There seems to be a lot of compensation and leniency made by the author here.

So, it is seemingly impressive that someone was able to use agents to build a browser.

But they used trillions of tokens? This equates to millions of dollars of spend. Are we really happy with this?

The browser itself is not fully complete. There's rendering glitches stated in the article. So millions of dollars for something that has obvious bugs.

This is also pure agent code. Can a code base like this ever be maintained by a team of humans? Are you vendor locked into a specific model if you want to build more features? How will support work? How will releases work? The lack of reflection over the rest of the software lifecycle except building is shocking.

So I'm not sure after reflecting, whether any of this is impressive outside of "someone with unlimited tokens built a browser using ai agents". It's the same class of problem being solved over and over again. Nothing new is really being done here.

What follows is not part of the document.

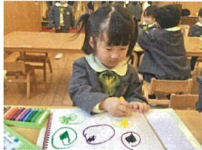
丸を描くのが とっても上手です♡

Maybe it's just me but there's much more to software than just building.

simianwords 18 days ago
>But they used trillions of tokens? This equates to millions of dollars of spend. Are we really happy with this?
Yes, arguably 5 million is a fair price and cheaper than what it would take to pay humans.
- m4nu3l 18 days ago
  
  There is a problem with this comparison. The agent had access to open-source browsers in its training set. So you'd need to compare the cost of creating an equivalent browser for a developer who has access to them, too. If all you need is standard browser functionality, you just use an existing browser. If you want to change some features or parts of the implementation, you fork it. A new browser written from scratch would be valuable if it had a novel implementation that resulted in a faster/more secure/robust/memory efficient or simply easier-to-use browser. So even if this had implemented the standard correctly, it wouldn't be worth more than the time it takes a developer to fork Chromium and change its name. Don't get me wrong, it's impressive, but not as impressive after you think that an LLM that regurgitates verbatim the code of Chromium when tasked to build a browser would have effectively succeeded at the task.
  EDIT: About the rendering speed. It doesn't really make sense to compare it with a fully functioning browser, as you could potentially drop features or make bogus optimisations to go faster.
- polyglotfacto 18 days ago
  
  If you paid 5 cents for the code you would have been ripped off; it's throw-away stuff.
laterium 19 days ago
If an AI system autonomously built a rocket and went to the moon, would you call it unimpressive because it's already been done? The moving of goalposts is shocking.
- polyglotfacto 18 days ago
  
  As I explained elsewhere in this thread, the results here are more like trying to launch a rocket to the moon, unleashing AI on the problem, and settling for some kind of giant firecracker as a POC.
  This isn't a POC web engine; it's throw-away code that can never scale to a full web engine.
  So instead of wasting millions on this autonomous run, they should have put together a small team of people with some ideas on how to improve on existing web engines, and then give that team a large token development budget. You could get a nice POC after a couple of weeks, and after a year or two of further iterations you might have something really interesting.
  So this is a great example of how AI fails when left unsupervised; a more interesting experiment would be about how a small team can leverage AI to leapfrog Chromium; not in one week but in a year or two.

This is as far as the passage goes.